By improving this moisture balance in the container, the stratified system can quickly resupply depleted oxygen zones with fresh new supplies of oxygen molecules. This is incredibly important, since oxygen is more influential for root development than moisture.

In standard substrate systems, rapid water loss occurs near the surface, controlling where roots grow and how roots develop. This fast drying drives establishing roots to grow downward in a narrow channel, or “down-and-out” (Figure 2).

The root tips detect this decrease in moisture, encouraging downward growth in search of water. When this dry rooting environment is detected, the plant shifts its energy to slow down shoot growth. Remember, this is the industry standard. Roots growing in the upper portion of the container also become thicker.

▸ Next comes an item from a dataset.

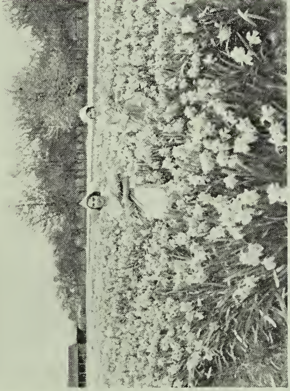
Gronen Daffodil Gardens Puyallup, Washington

However, this may not necessarily be desirable when the goal is to produce a strong and healthy container plant with a full root zone.

Stratified-grown roots establish out of the plug quickly. However, when roots begin exploring a stratified container, they take their time by growing in a more “scenic route.” The finer-textured substrates and improved water availability in the upper strata result in a unique sequential pattern of root growth. Stratified-grown roots grow layer by layer, growing laterally to fully explore the upper strata volume (Figure 3).

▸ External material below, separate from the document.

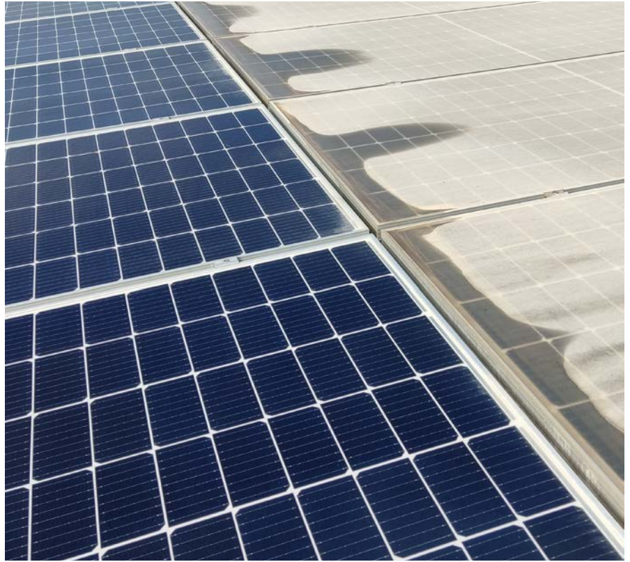
Before and After CRA

Chemitek Solar's coatings work by creating either an antistatic or hydrophobic layer,

Roots emerging from the plug are not immediately signaled to search for resources; instead, the improved moisture uniformity encourages an outward growth habit, similar to establishment in the landscape. We’ve measured double the root biomass in the top stratified layer in some studies and triple the root growth throughout the entire container.

Roots in the top half of the stratified container are thinner, with more fine root length. Fine roots are cheaper to build by the plant and sharply increase the exploration surface area. Remember, fine roots account for nearly all water and mineral nutrient uptake by plants.

Since these fine roots are growing in a resource-abundant environment, it facilitates continuous root elongation, with a reduced need to thicken. This is advantageous for growers, as we conventionally apply resources “top-down,” with irrigation and fertilizer coming from above.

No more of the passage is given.